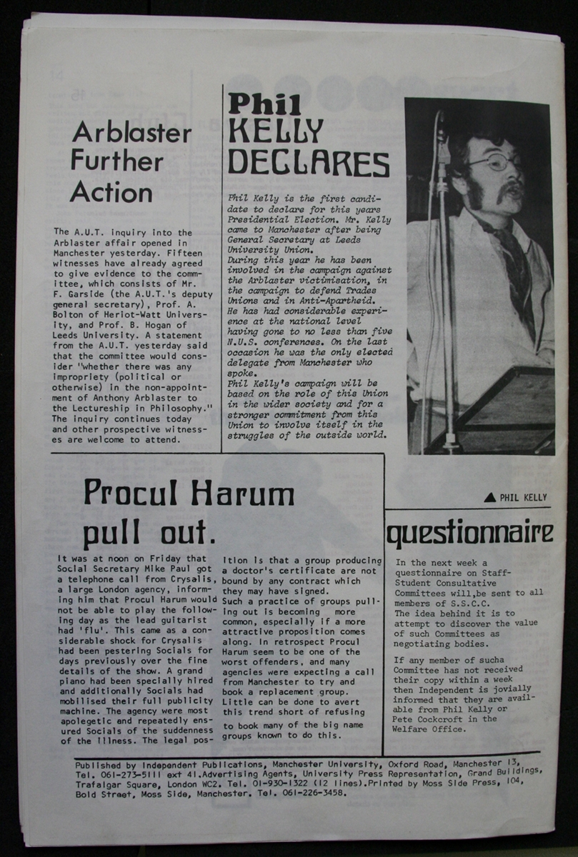 Taken from the Manchester Independent Newspaper, written and edited by University of Manchester students. With thanks to James Peters at the University of Manchester Archives and Ben Ward at The University of Manchester Students' Union.
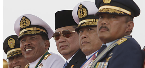 Presiden Susilo Bambang Yudhoyono bersama para panglima menonton atraksi udara di Hari Ulang Tahun (HUT) ke-67 Tentara Nasional Indonesia (TNI) di Bandara Halim Perdanakusuma, Jakarta, Jumat (5/10). Presiden dalam amanatnya mengingatkan kembali bahwa negara memberikan tugas kepada TNI untuk mempertahankan, melindungi, dan memelihara kedaulatan negara. Foto: Abror Rizki
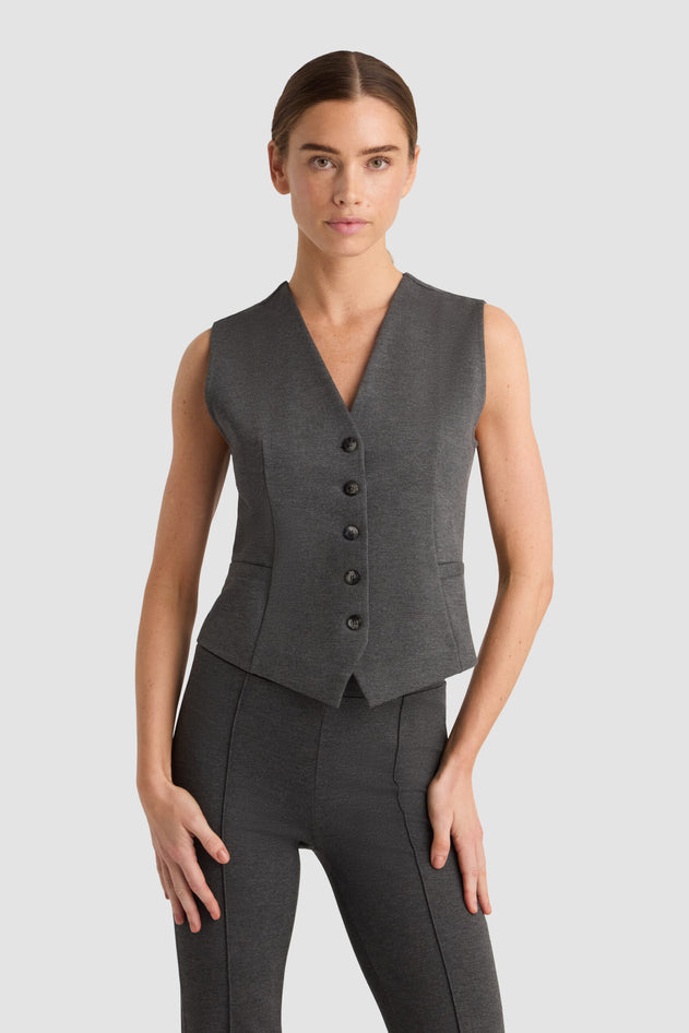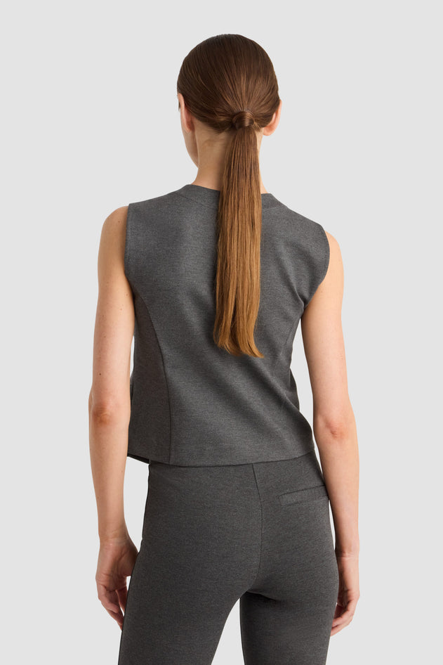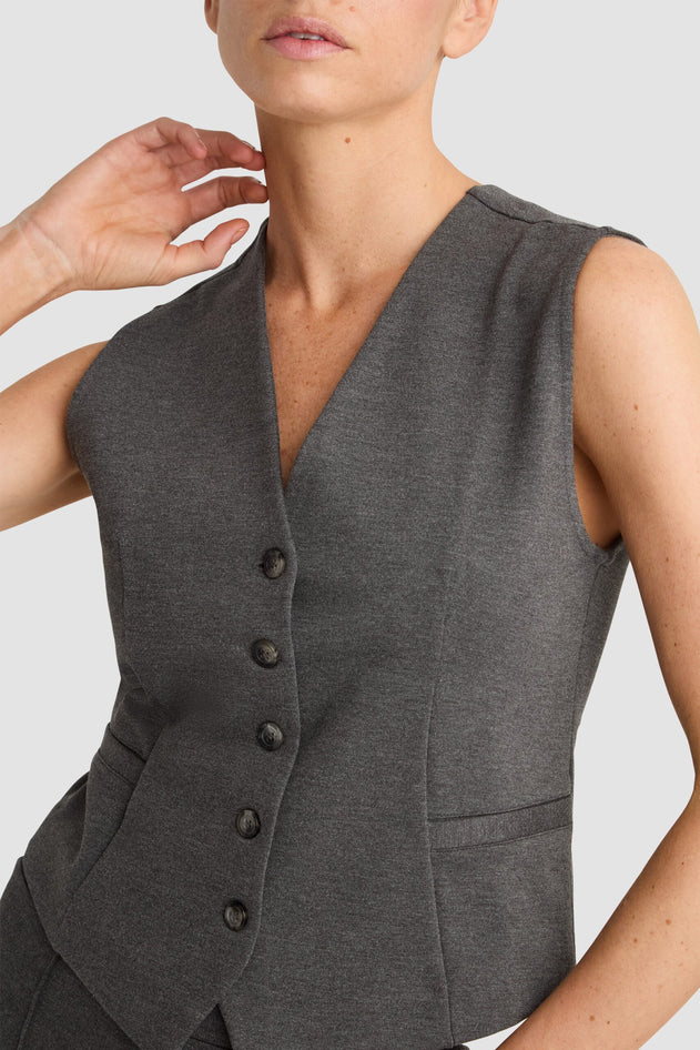Het Courtney Vest in Graphite Melange biedt een verfijnd silhouet met zijn rechte pasvorm en licht verkorte lengte. Vakkundig op maat gemaakt, heeft het twee voorste paspelzakken die het strakke ontwerp versterken. Dit vest levert een vrouwelijke en verfijnde uitstraling, waardoor het een veelzijdige aanvulling is op elke garderobe die op zoek is naar ingetogen elegantie.
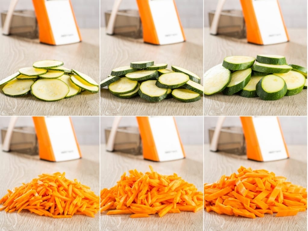 Adaptează cu ușurință grosimea între 0,5mm – 8mm și alege sitlul dorit – julienne sau feliere
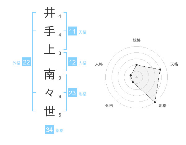 井手上 南々世さんを姓名の画数から五運を鑑定
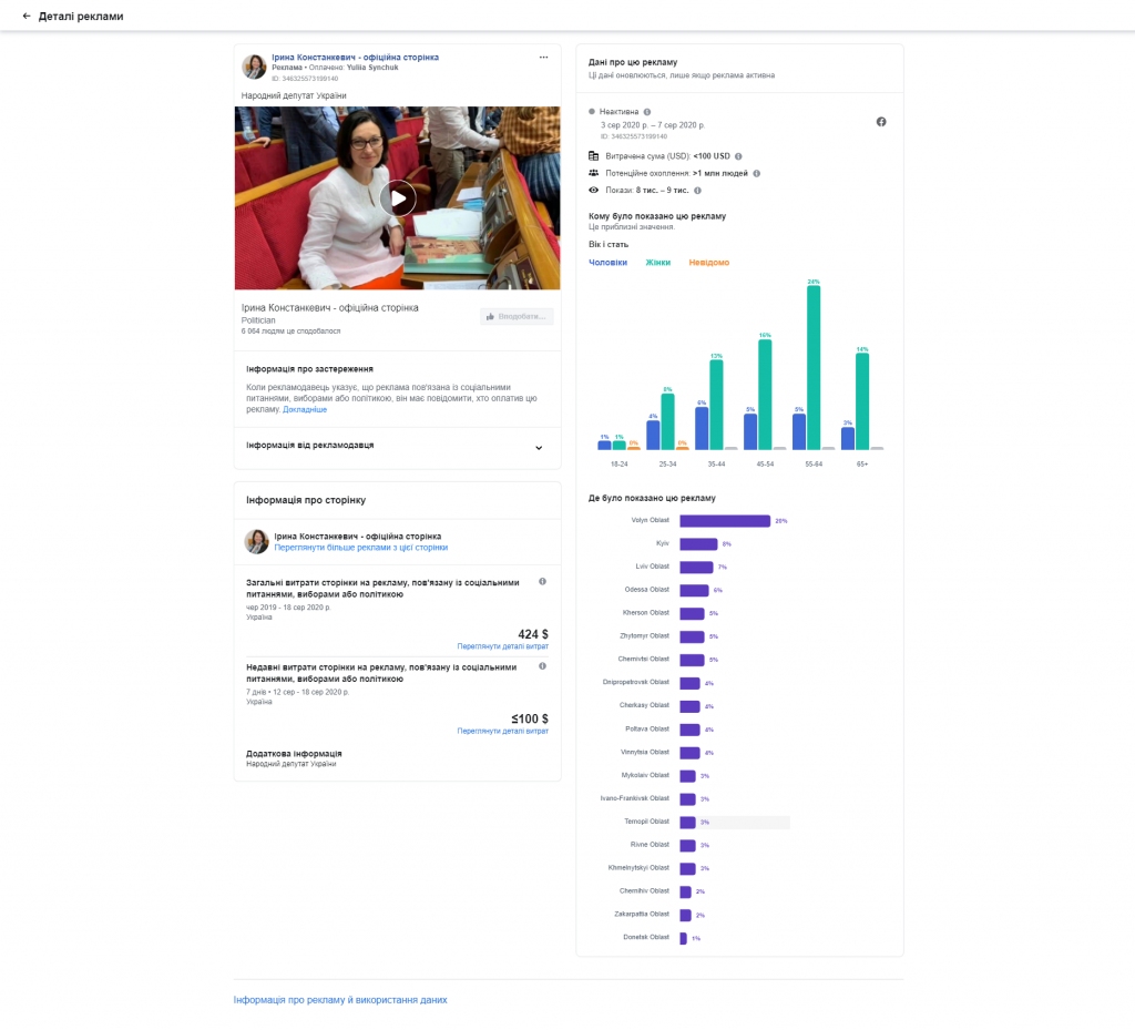 Зі сторінки народної депутатки Ірини Констанкевич («Ірина Констанкевич – народний депутат») у серпні рекламували 6 публікацій, пов’язаних із соціальними питаннями, виборами або політикою. Усі розміщені матеріали вартували від 0 до 100 американських доларів. У постах висвітлювали діяльність Ірини Констанкевич як депутатки: розповідали про відвідини виборчого округу №23 та про звернення щодо відновлення туристичних об’єктів. Також одна рекламна публікація містила відео ефір із телеканалу «Аверс» за участі нардепки. Публікації таргетувалися переважно на Волинську область, однак пост-рекламу офіційної сторінки побачили й у низці інших регіонів.
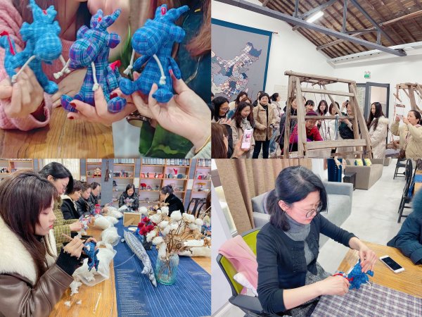 《江風(fēng)海韻》中所提,崇明土布紡織生產(chǎn)工藝到明朝中葉已十分繁盛,流傳已有五百多年的歷史,如今已被列為上海市非物質(zhì)文化遺產(chǎn)項(xiàng)目。走進(jìn)座落于惠民村中部的崇明土布創(chuàng)意活動(dòng)館,女職工們步入四四方方的鄉(xiāng)村庭院式展館中,于一匹匹色彩斑斕、寓意美好的布匹中,感知早期“崇明姑娘”的勤勞與智慧;于一件件樸實(shí)而靈巧的作品中,感觸土布手工作品略顯粗糙的天然肌理感與細(xì)密精致的針腳形成的獨(dú)特視覺沖擊,輔以精巧的配色和拼接手法后,作品承現(xiàn)出的一種古樸而靈秀的美。女職工們聆聽女館長(zhǎng)講述創(chuàng)業(yè)的勵(lì)志故事、親身體驗(yàn)織布的樂趣、親自縫制龍年土布手工作品,感受著現(xiàn)代鄉(xiāng)村產(chǎn)業(yè)美學(xué)和非遺文化的魅力,同時(shí)也堅(jiān)定了女職工們昂揚(yáng)奮進(jìn)的信心。
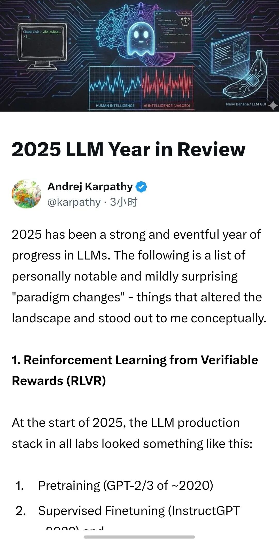 AndrejKarpathy前几天发了一篇2025年LLM年度回顾。他是OpenAI联合创始人、前特斯拉AI总监,也是全球最有影响力的AI研究者之一。这篇文章里有6个观点,每一个都理解得非常深刻。强烈推荐大家看看。
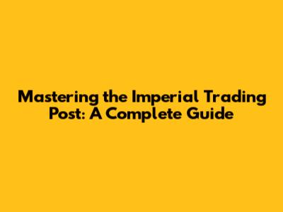 Mastering The Imperial Trading Post: A Complete Guide
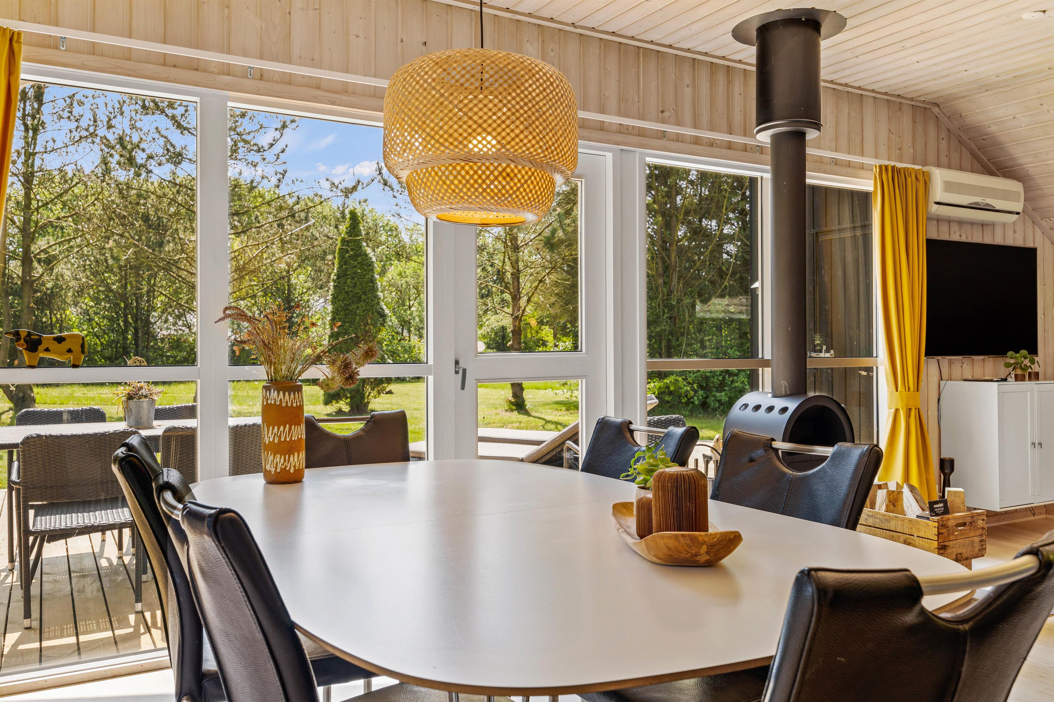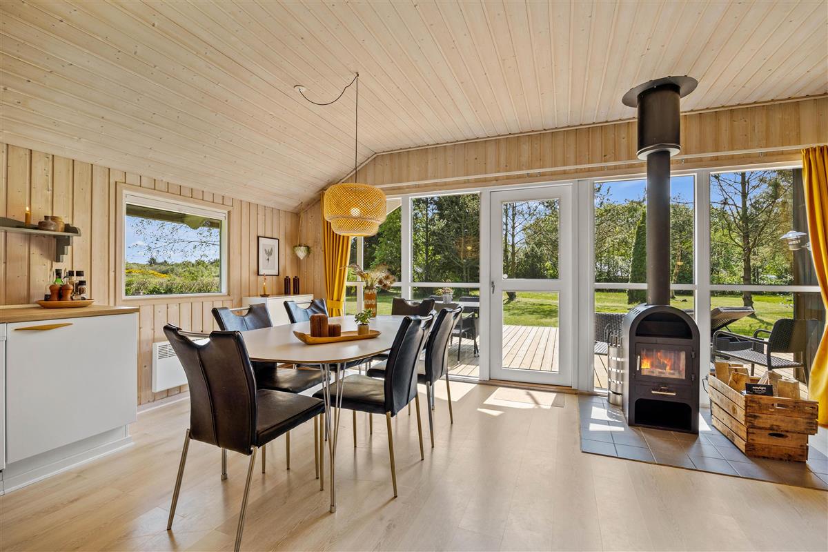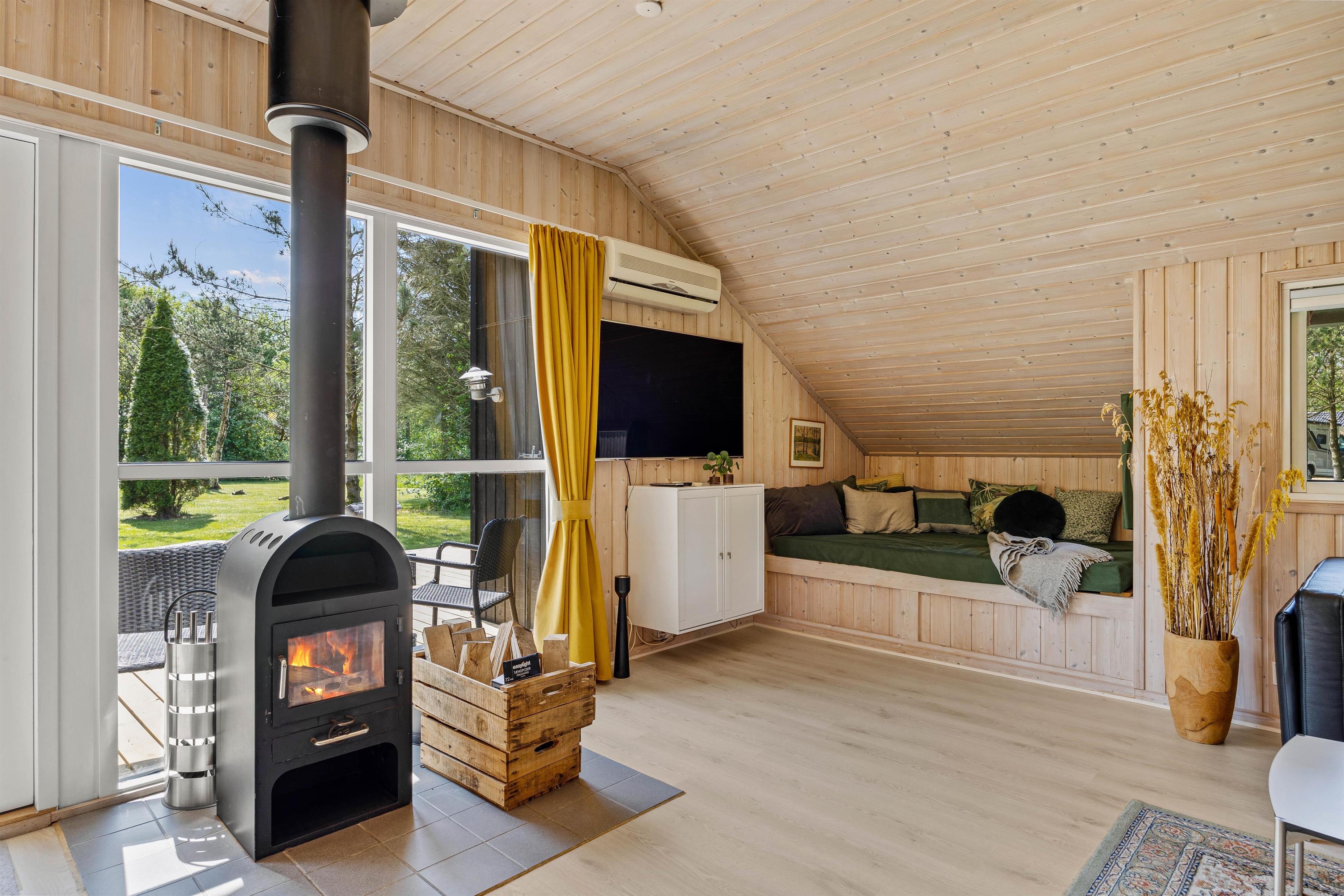 The heart of the holiday home is the living room, featuring a wood-burning stove that creates a cosy atmosphere, particularly on cooler days. The holiday home can also be heated using the air-to-air heat pump. The large sofa invites you to relax and unwind, and thanks to Google Chromecast, you can stream your favourite films and series during your stay.
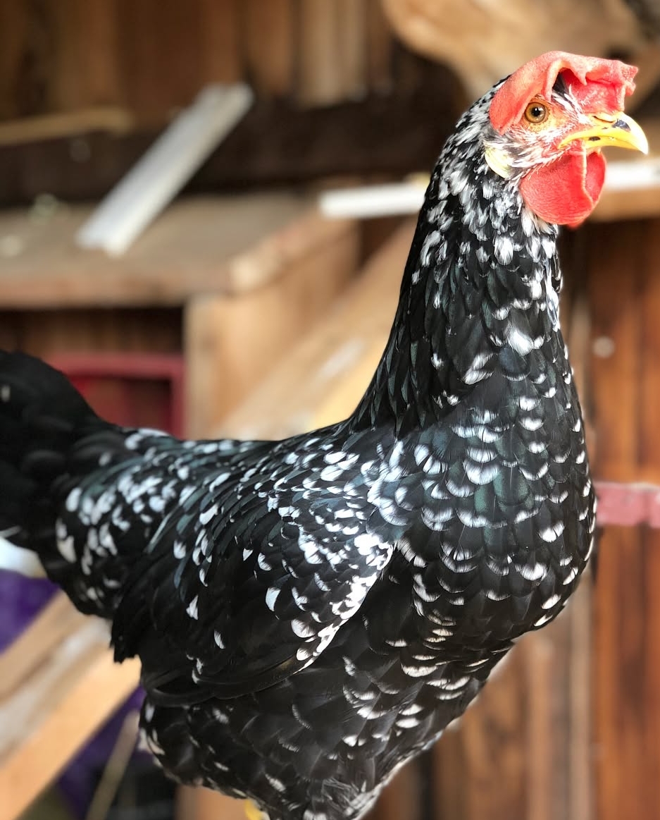 Piumaggio in generale: nero brillante con riflessi verdi metallici. Il disegno è formato da una perla bianca a forma di “V” all’apice di alcune penne. Indicativamente la proporzione delle perle sul piumaggio è di una penna ogni tre. Nel gallo, sul dorso, è di 1 a 5 e nelle lanceolate della mantellina e della groppa, dove la macchia è più piccola, di 1 ogni 2. Tutte le timoniere, le falciformi e le remiganti devono avere l’apice bianco. La perlatura deve essere il più regolare possibile e non troppo grossa, il nero deve sempre dominare. Il bianco deve essere puro e il più nettamente possibile separato dal nero. La rachide segue il colore del disegno. La picchiettatura formerà un disegno regolare in alcune parti del piumaggio come le fasce dell’ala ed alla fine delle remiganti secondarie. Tarsi gialli con picchiettatura da ardesia a nera; l’assenza o la scarsità della picchiettatura sui tarsi non è da considerarsi difetto grave.Piumino: ardesia scuro.
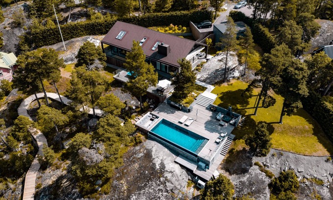 This luxury villa bathes in light and has a fantastic panoramic view over the Stockholm archipelago. Enjoy your evening drink by the infinity pool at sunset watching the archipelago boats pass through Höggarns Bay. From here you will reach Strandvägen in central Stockholm in 8 minutes by yacht.
• • • • •
### WHAT TO WORK ON
An exact printout of the entries is wanted, covering the first line through the line holding "Presiden Susilo Bambang", with pictures kept out of it.

### EXERCISE OUTPUT
 Taken from the Manchester Independent Newspaper, written and edited by University of Manchester students. With thanks to James Peters at the University of Manchester Archives and Ben Ward at The University of Manchester Students' Union.
 Presiden Susilo Bambang Yudhoyono bersama para panglima menonton atraksi udara di Hari Ulang Tahun (HUT) ke-67 Tentara Nasional Indonesia (TNI) di Bandara Halim Perdanakusuma, Jakarta, Jumat (5/10). Presiden dalam amanatnya mengingatkan kembali bahwa negara memberikan tugas kepada TNI untuk mempertahankan, melindungi, dan memelihara kedaulatan negara. Foto: Abror Rizki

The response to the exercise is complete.